Portability definitely is a plus, Linda. I’d hate to have to pack a grand piano in a truck and haul it outdoors for a lesson, ha! I got a real kick out of this child’s exuberance. His mom was almost apologetic about his “disturbing” me, but I was glad for the brief intermission. Playing flute is hard work!
Wonderful. The flute is a beautiful instrument – and like any instrument, the better the musician, the better the sound. Music has always been part of my life, so this simple post made my smile. Thanks, Debbie.
I’m pleased to hear it made you smile, Frank, especially after all your posts that have brought me happiness. Music has long been part of my life, too, though I’ve only been playing flute four years. I played clarinet through high school and in college, but there was a big part of me that wanted to try flute — and I’m glad I did!
Thanks for sharing a bit of your musical story. I was a brass player back in the day. https://afrankangle.wordpress.com/2011/10/19/on-an-unexpected-day/ I guess I still am today, but in the form of handbells.

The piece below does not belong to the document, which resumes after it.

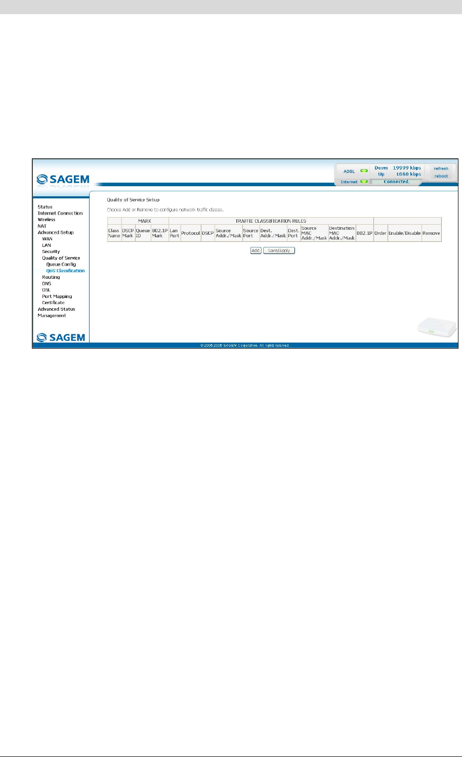 • Select the QoS Classification sub-menu in the Quality of Service menu to display the

That’s way cool! My son is the brass player in this house, but both of us share a love for music. I’ve never tried handbells — maybe one day!
Sometimes we just need to pay more attention to young children, don’t we? Here you were worrying that others might be annoyed by our playing, and that little one let you know you were bringing them joy. What a gift!
Thanks very much, Ann! I imagine hearing live music in the park is just rare enough that that little one was enchanted.Kind of made me feel like the Pied Piper, ha!
What a special, joyful moment! I’m trying to imagine the sound of a flute outdoors – it must be heavenly. You never know when two lives will meet in such an unexpected and wonderful way. 💙
What a happy notion, Barbara — thank you for pointing it out to me! As an introvert, it’s hard to “perform” outside where people can listen to me as I try to learn my new instrument. If even one person enjoys it, I’m pleased!
Way to go, Debbie. Your dedication to your flute is impressive! My violinist mama always said, “practice makes perfect,” but when I tried to learn the violin later in life it just screeched (and screeched!) I played flute in high school marching band and later took it with me overseas as a way to decompress after crazy days. May your flute continue to give you (and others) much joy! Blessings – Virginia
Aw, gee, thanks, Virginia! It’s hard — no one but another flute player understands how much AIR it takes to blow a flute! But yes, practice is key and a great way to decompress!!